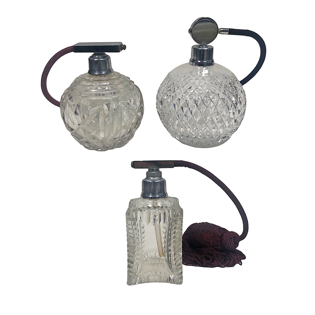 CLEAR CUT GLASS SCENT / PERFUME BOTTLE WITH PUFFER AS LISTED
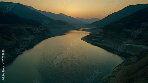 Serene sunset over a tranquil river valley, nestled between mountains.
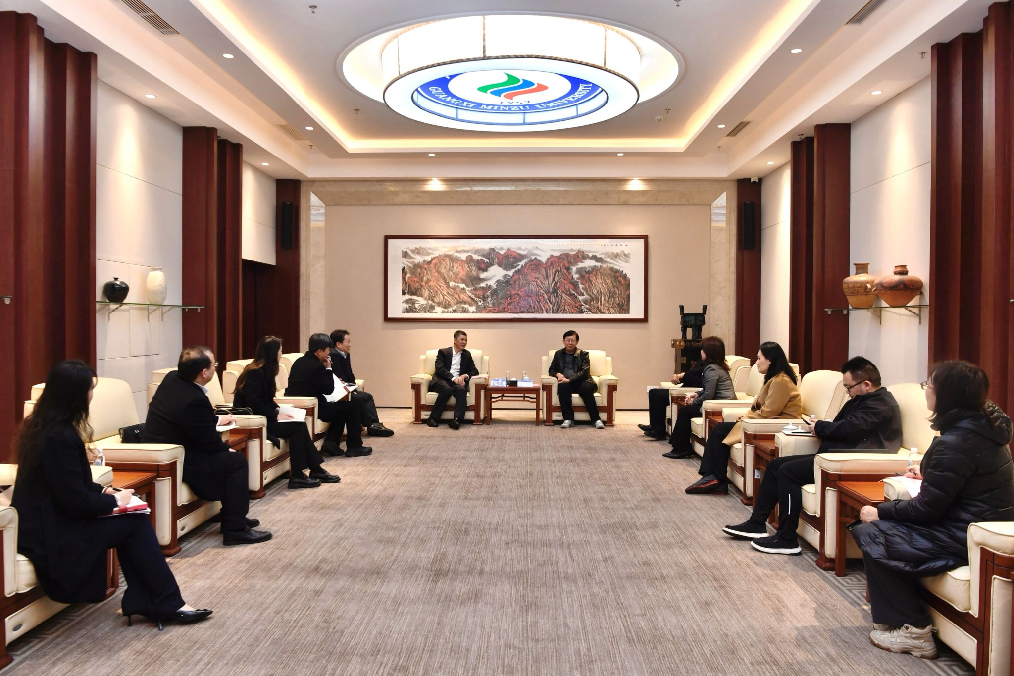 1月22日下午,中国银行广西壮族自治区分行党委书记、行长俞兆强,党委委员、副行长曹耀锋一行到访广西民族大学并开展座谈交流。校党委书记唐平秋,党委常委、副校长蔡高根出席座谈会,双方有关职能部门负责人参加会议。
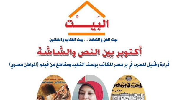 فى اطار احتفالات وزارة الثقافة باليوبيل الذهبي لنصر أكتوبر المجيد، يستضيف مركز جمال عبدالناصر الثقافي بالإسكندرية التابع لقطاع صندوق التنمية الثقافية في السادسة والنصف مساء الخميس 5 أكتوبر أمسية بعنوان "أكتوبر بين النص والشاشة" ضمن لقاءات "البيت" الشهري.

:: EXERCISE REQUIREMENTS ::
Leave out the pictures and repeat exactly the lines from the first line of the data through the line containing "1月22日下午,中国银行广西". Add nothing else.

:: WRITTEN SOLUTION ::
 CLEAR CUT GLASS SCENT / PERFUME BOTTLE WITH PUFFER AS LISTED
 Serene sunset over a tranquil river valley, nestled between mountains.
 1月22日下午,中国银行广西壮族自治区分行党委书记、行长俞兆强,党委委员、副行长曹耀锋一行到访广西民族大学并开展座谈交流。校党委书记唐平秋,党委常委、副校长蔡高根出席座谈会,双方有关职能部门负责人参加会议。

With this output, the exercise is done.